__PROBLEM STATEMENT__
Once the pictures are set aside, transcribe the remaining data exactly.

__GIVEN DATA__
=== Section Start ===

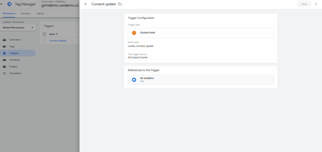 8. Create Consent Update Trigger: Create a new “Custom Event” trigger named cookie_consent_update. This trigger will respond to events when users change their cookie consent preferences.
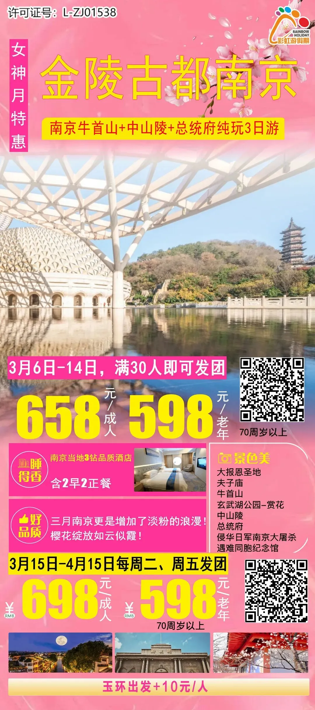 1、女神月特惠【金陵古都南京·踏春游】——南京牛首山+中山陵+总统府纯玩三日游(升级游览大报恩寺,南京大屠杀遇难者同胞纪念馆入内参观)
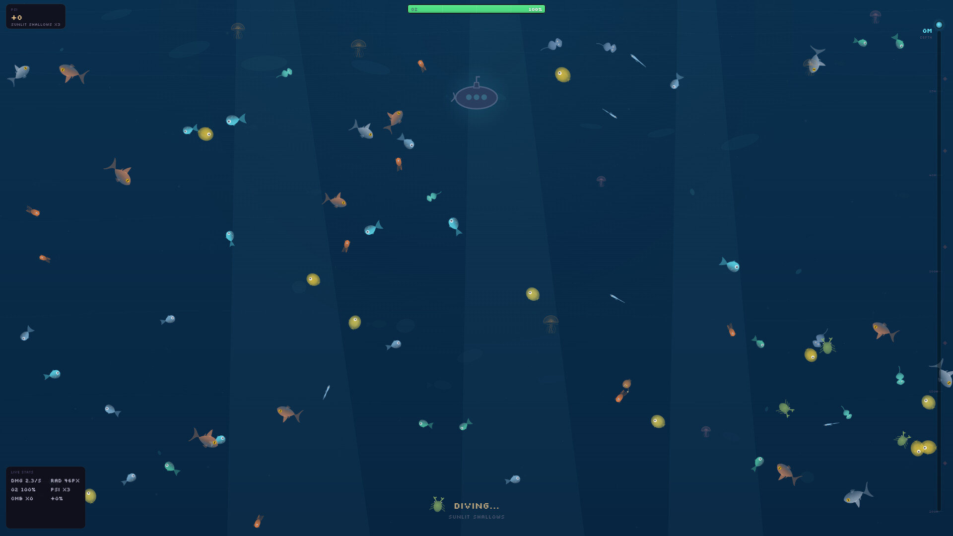 Descend into waters teeming with life. Your submarine auto-attacks nearby targets while you manage oxygen, collect PSI energy, and hunt for treasure. Each dive pushes deeper — how far can you go before the pressure crushes you?
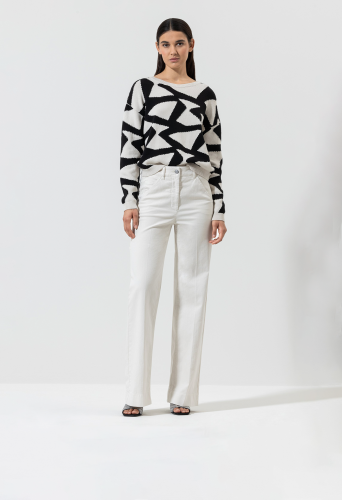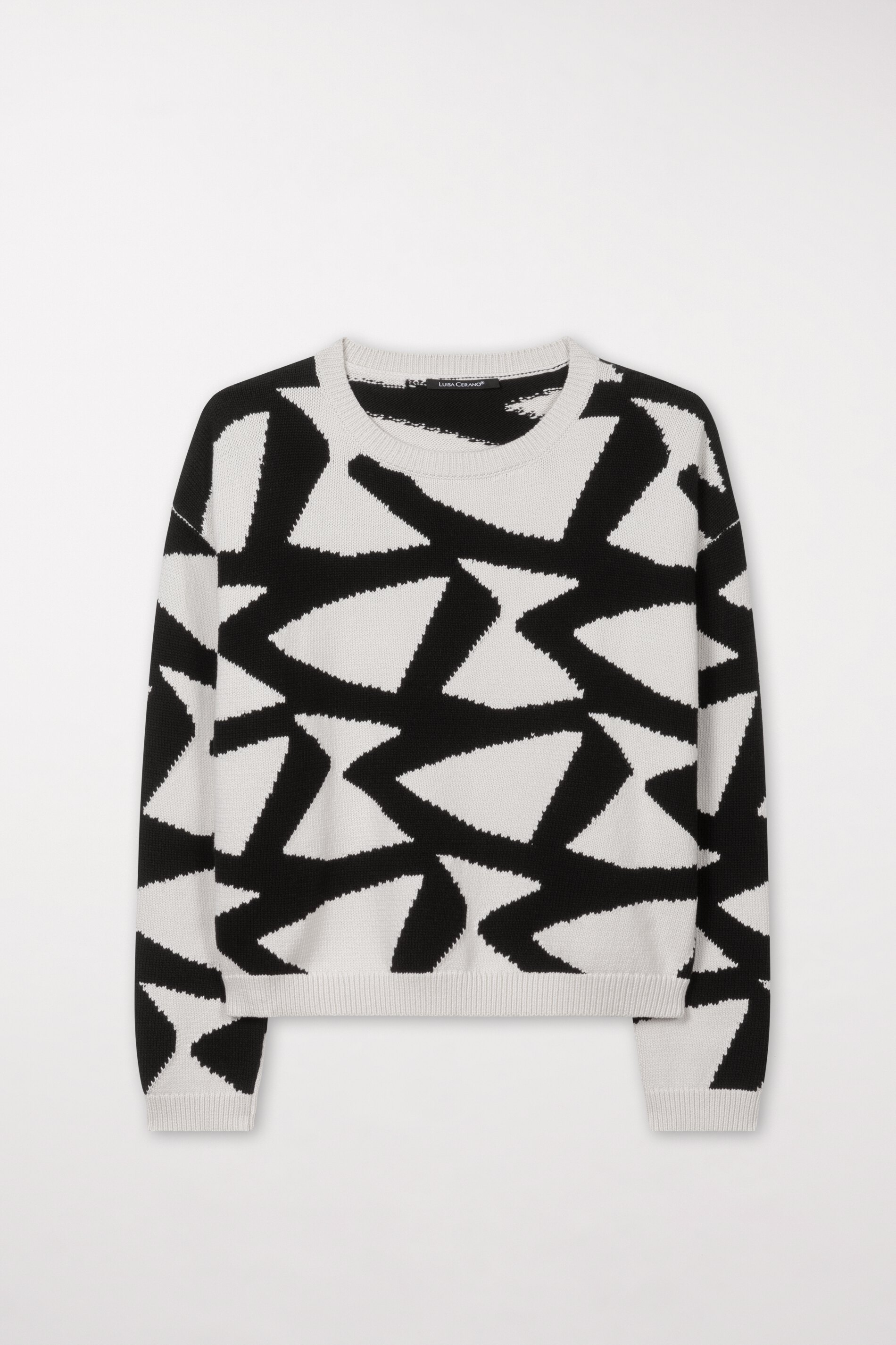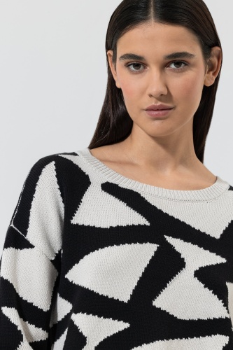 На сайте указаны российские размеры. Укороченный пуловер с круглым вырезом горловины в рубчик, манжетами и нижней каймой. Крупные узоры интарсии добавлены в легкую переплетенную хлопковую пряжу. Рост модели 178 см

=== Section End ===

__WRITTEN RESPONSE__
 8. Create Consent Update Trigger: Create a new “Custom Event” trigger named cookie_consent_update. This trigger will respond to events when users change their cookie consent preferences.
 1、女神月特惠【金陵古都南京·踏春游】——南京牛首山+中山陵+总统府纯玩三日游(升级游览大报恩寺,南京大屠杀遇难者同胞纪念馆入内参观)
 Descend into waters teeming with life. Your submarine auto-attacks nearby targets while you manage oxygen, collect PSI energy, and hunt for treasure. Each dive pushes deeper — how far can you go before the pressure crushes you?
 На сайте указаны российские размеры. Укороченный пуловер с круглым вырезом горловины в рубчик, манжетами и нижней каймой. Крупные узоры интарсии добавлены в легкую переплетенную хлопковую пряжу. Рост модели 178 см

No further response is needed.